Anyway. I digress. She and Justin Long have split after a year. They even had Thanksgiving together.

They're both filming new projects. Maybe Madonna came between them...

Thursday, July 3, 2008

Look out! Crazy teens!


Or rather, not...

People love to throw around hyperboles. One that has come to light in the media lately is the “slew of recent movies” or headlines about teen/unplanned pregnancy that have made it a popular topic for shows. “Slew” a bit of an overstatement.
First, they always mention the same three things: “Juno,” “Knocked Up,” and Jamie Lynn Spears. Both movies came out in 2007, which was also when Spears announced her pregnancy. Not exactly recent headlines.
Second, aside from the new way NBC has configured to lower our IQs, “Baby Borrowers,” there aren’t that many new shows revolving the topic.
So I am thinking the “slew” of movies and headlines leading to the increased number of shows is, well, just not so. It’s just something to talk about. Or fill up blogs. Like here.

Wednesday, July 2, 2008

Starbucks, Starlight


Starbucks is closing 600 stores nationwide by the end of the year. Looks like if you live in a city, you'll have to walk an extra 3 blocks to get your latte fix. And if you're in the 'burbs, you'll have to drive an extra 1.7 miles.
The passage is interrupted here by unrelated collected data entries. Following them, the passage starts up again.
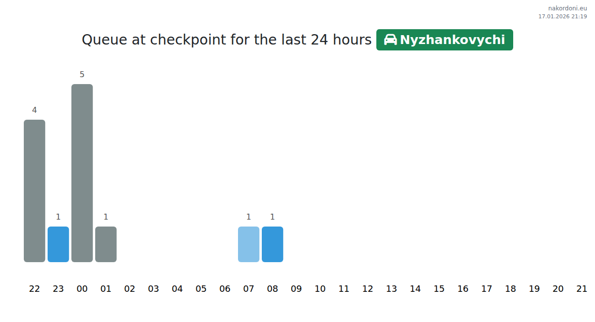 Plan your trips in advance using up-to-date border queue information at the Nyzhankovychi - passenger car checkpoint to make your crossing fast and convenient. Pay special attention to these hours to avoid peak times and reduce waiting times.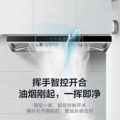 采用挥手智控技术,隔空便能轻松开关,不易脏手。WiFi智控,搭配手机APP操作,随心操控烟机,便捷又省心。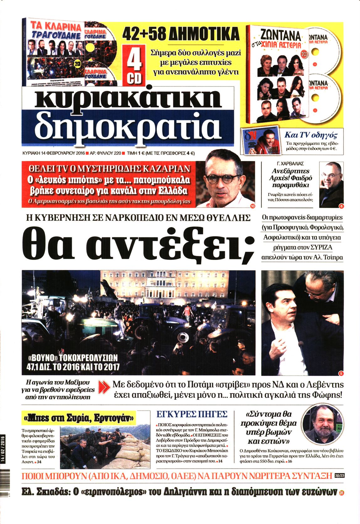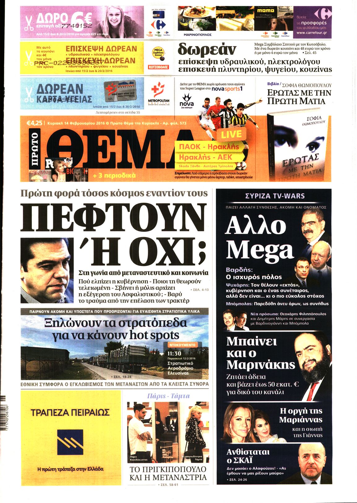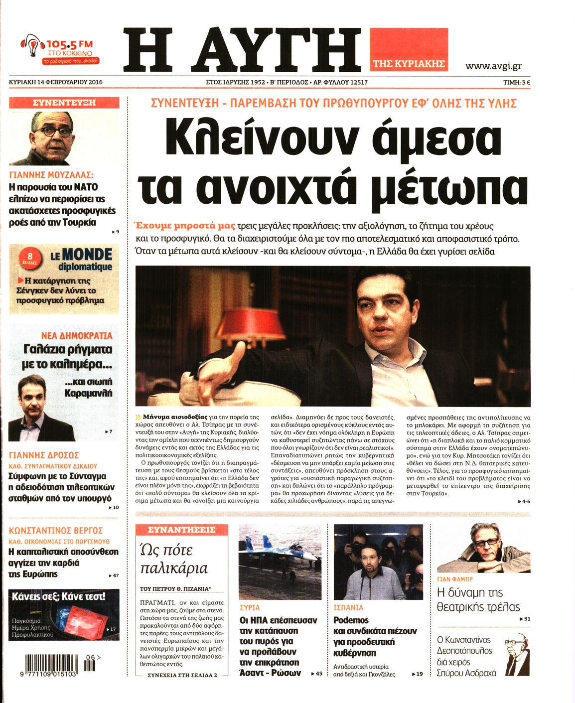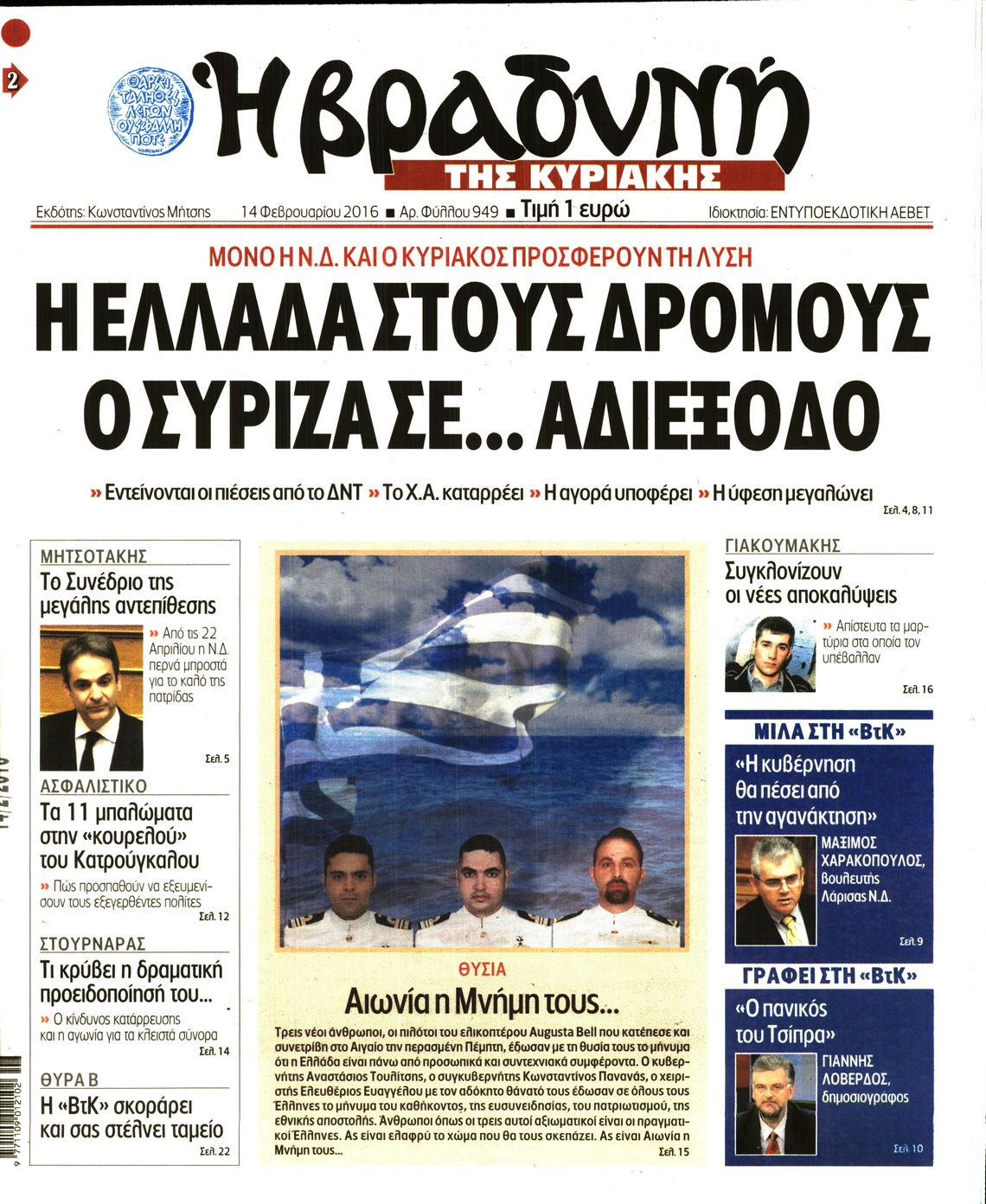 Οι πολιτικές εφημερίδες 14/2/2016 Enikos Newsroom 05:48, Κυριακή 14 Φεβρουαρίου 2016 Media Διαβάστε τα σημερινά πρωτοσέλιδα των πολιτικών εφημερίδων: Μοιράσου το: σχολίασε κι εσύ (0 σχόλια) Ακολουθήστε το enikos.gr στο Google News και μάθετε πρώτοι όλες τις ειδήσεις Δείτε όλες τις τελευταίες ειδήσεις από την Ελλάδα και τον Κόσμο στο enikos.gr Ειδήσεις Ροή Ειδήσεων 24 λεπτά πριν Τραμπ: Δεν αποκλείει την πιθανότητα ενός πολέμου στη Βενεζουέλα – «Ο Μαδούρο ξέρει καλύτερα από τον καθένα τι ακριβώς θέλω» 18 λεπτά πριν Ουκρανία: Η άνευ προηγουμένου επίθεση σε ρωσικό τάνκερ στη Μεσόγειο και το μήνυμα προς στον Πούτιν – Το «μακρύ χέρι» του Κιέβου 3 ώρες πριν Εμπλοκή και αερομαχίες με οπλισμένα τουρκικά F-16 στο Αιγαίο 3 ώρες πριν Πούτιν: «Ναι, είμαι ερωτευμένος» – Βίντεο από τη σπάνια προσωπική παραδοχή του 1 ώρα πριν Ανδρέας Λυκουρέντζος: Υπέβαλε την παραίτησή του ο πρόεδρος του ΕΛΓΑ, αλλά δεν έγινε δεκτή – Όλο το παρασκήνιο 2 ώρες πριν Αριθμολογία: Οι άνθρωποι που έχουν γεννηθεί αυτές τις 4 ημερομηνίες, συχνά παρεξηγούνται – «Η καλοσύνη τους κρύβει τεράστια δύναμη» 4 ώρες πριν Μήπως έχετε χάσει τον εαυτό σας στη σχέση σας; 7 «αθόρυβες» υποχωρήσεις που μάλλον κάνατε, χωρίς να το συνειδητοποιήσετε 3 ώρες πριν Ξεχάστε το καθάρισμα το Σαββατοκύριακο: Ο «κανόνας των 20 λεπτών» που θα σας λύσει τα χέρια 33 λεπτά πριν Ύπνος: Μια κρυφή κατάσταση του εγκεφάλου πριν από τον ύπνο μπορεί να είναι το “κλειδί” για υψηλή ευφυΐα και δημιουργικότητα 7 λεπτά πριν Χάρι και Μέγκαν: Η σπάνια οικογενειακή φωτογραφία με τον Άρτσι και τη Λίλιμπετ – Τι σχεδιάζουν για τα Χριστούγεννα 13 λεπτά πριν Βασίλης Καρράς: «Είναι πάντα δίπλα μου, δεν έφυγε…», λέει ο αδελφός του 18 λεπτά πριν Ουκρανία: Η άνευ προηγουμένου επίθεση σε ρωσικό τάνκερ στη Μεσόγειο και το μήνυμα προς στον Πούτιν – Το «μακρύ χέρι» του Κιέβου 24 λεπτά πριν Τραμπ: Δεν αποκλείει την πιθανότητα ενός πολέμου στη Βενεζουέλα – «Ο Μαδούρο ξέρει καλύτερα από τον καθένα τι ακριβώς θέλω» 25 λεπτά πριν Κηφισιά: Με πολλές απουσίες κόντρα στον Ολυμπιακό – «Last dance» για τον Τεττέη ENIKOS NETWORK Το ΕΚΑΒ τιμήθηκε από την Ακαδημία Αθηνών για τα 40 χρόνια προσφοράς του Έχετε πραγματικά μεγάλη καρδιά; 10 χαρακτηριστικά όσων έχουν καλοσύνη ΑΑΔΕ: Νέες αναβαθμίσεις στο Ψηφιακό Πελατολόγιο και την εφαρμογή myDATAapp – Τι πρέπει να γνωρίζετε Όμιλος ΔΕΗ: Νέα ορόσημα και ενισχυμένη διαφάνεια στην ετήσια Έκθεση Βιώσιμης Ανάπτυξης Χαρτογραφώντας το «σημείο χωρίς επιστροφή»: Για πρώτη φορά αποκαλύπτεται με λεπτομέρεια το ακανθώδες όριο της ατμόσφαιρας τ... Η Google καταργεί τη λειτουργία «dark web report» – Πώς θα μπορούν οι χρήστες να διαγράφουν τα δεδομένα τους περισσότερα 20:37 , Παρασκευή 19 Δεκεμβρίου 2025 Don’t Forget The Lyrics: Η Έλλη Κοκκίνου υποδέχεται 4 παίκτες που θα κάνουν τα πάντα για να μη χάσουν ούτε… μισή λέξη από τους στίχους Το «Don’t Forget The Lyrics» επιστρέφει απόψε, Παρασκευή 19 Δεκεμβρίου, στις 21:00 με νέο επει... 19:31 , Παρασκευή 19 Δεκεμβρίου 2025 GNTM: Απόψε ο μεγάλος τελικός για τους 4 φιναλίστ Έπειτα από μήνες γεμάτους μόδα, δημιουργία και έντονες αναμετρήσεις, το GNTM 2025 κορυφώνεται,... 18:11 , Παρασκευή 19 Δεκεμβρίου 2025 Το σόι σου: Ο Άρης έρχεται στην Ελλάδα για τις γιορτές των Χριστουγέννων – Τι θα δούμε στο αποψινό εορταστικό επεισόδιο Ένα απολαυστικό, εορταστικό επεισόδιο της σειράς “Το σόι σου”, γεμάτο ευτράπελα αλ... 15:15 , Παρασκευή 19 Δεκεμβρίου 2025 Την Κυριακή με τη Realnews: Ό,τι και αν αγοράσεις, σκανάρεις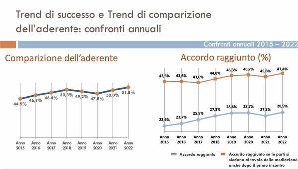 Nell'anno 2022 la percentuale di comparizione della parte convocata in mediazione è pari al 51,8% e nel 28,9% dei casi viene raggiunto l’accordo. La materia in cui maggiormente le parti aderiscono è patti di famiglia, seguita da successioni e divisioni ereditarie, diritti reali. Sono in aumento le adesioni per i contratti bancari. Nel 2022 si assiste ad un tendenziale incremento di accordo raggiunto.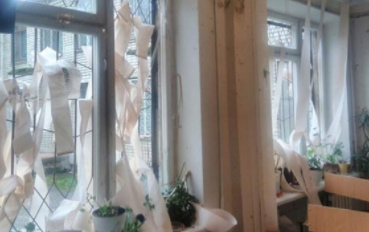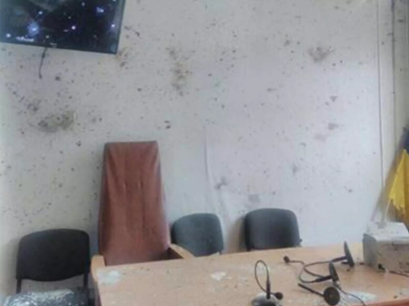照片中清晰可見,白色的牆壁沾滿灰燼,桌上的麥克風被震得東倒西歪,而牆上的電視與窗戶玻璃更是硬生被震碎,窗簾也被炸成條狀,地上仍留有死傷者的斑斑血跡,殘骸四散各處,可見當時的爆炸瞬間威力有多強大。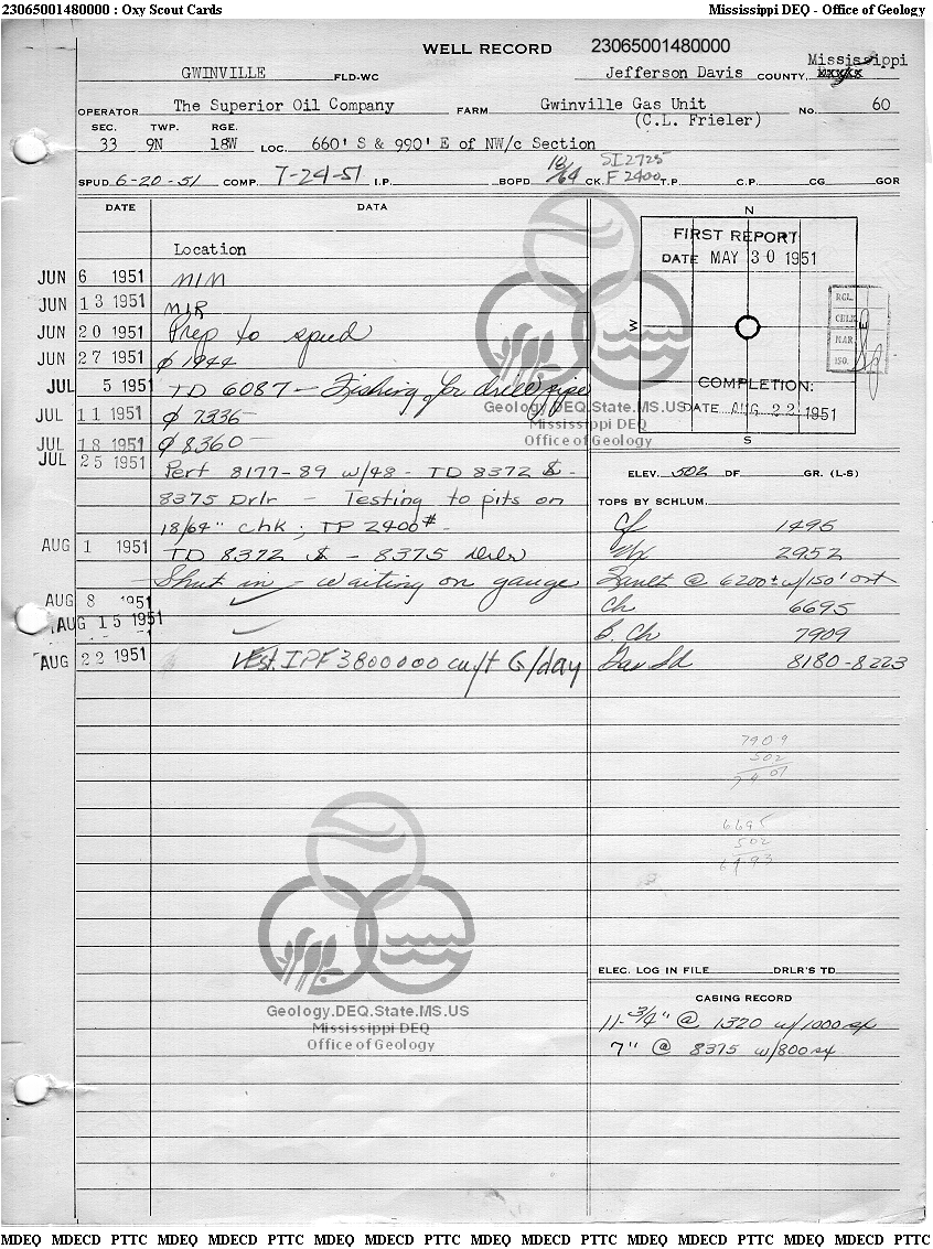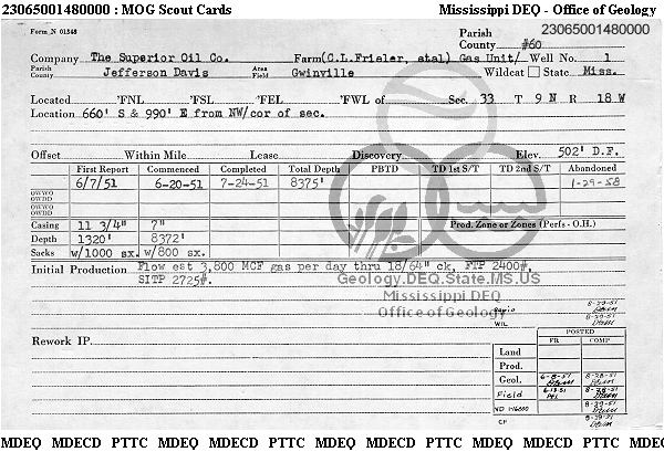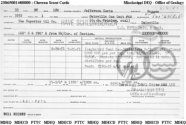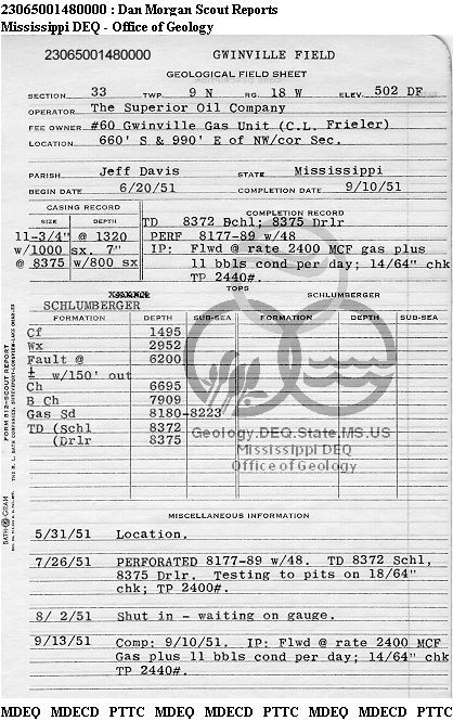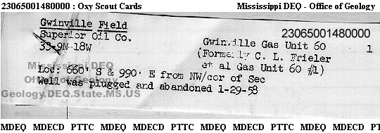| 1 | 23065001480000 | SUPERIOR OIL CO. | GWINVILLE GU 60 | 1 | Production |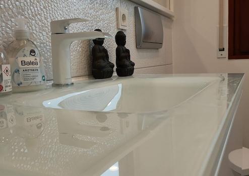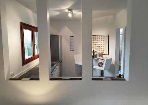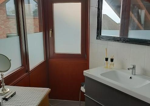 Das geräumige Bad modernisiert (2015) verfügt über sehr große Fensterfront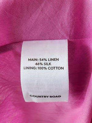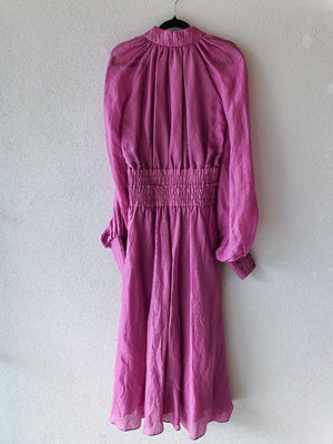 Long-sleeve shirred-waist pink dress - Linen/silk Blend. Size on tag is 4, but best for size 8. Worn once.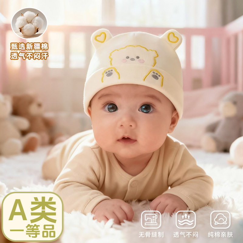 赤ちゃん胎帽新生児春秋赤ちゃんかわいい四季二重男女純綿骨なしa類薄手保護キャップ

Currently, there are 16,000 stores worldwide.

What ever happened to the American dream of acai tea for everyone? Two baristas for every one person? Maybe it had to do with the tip jar after charging 4 bucks for a cup of coffee. Greedy, greedy.

Thank goodness for McDonalds.

Wednesday, June 25, 2008

First comes baby, then comes marriage??


I am conservative. I am not a prude, and not (too) judgmental. I know being 27 and conservative is neither cool nor popular in the media, but I feel good in the fact that I have a strong sense of what is right and wrong. Not everyone agrees with me but at least I will stand for something. None of this, "Oh, there is no "right" way of doing something." B.S. Everyone thinks they know the right way. So be proud of your belief whatever it is.


I don't understand why there has been this reversal of matrimonial order. Charlotte Church (22) is expecting her second child with her rugby boyfriend. Here she is quoted on People.com:

"I want all my babies by the time I'm 32, so then I can have everything done," she said. "We want to have our babies young and then I'm going to get married and look fabulous for that."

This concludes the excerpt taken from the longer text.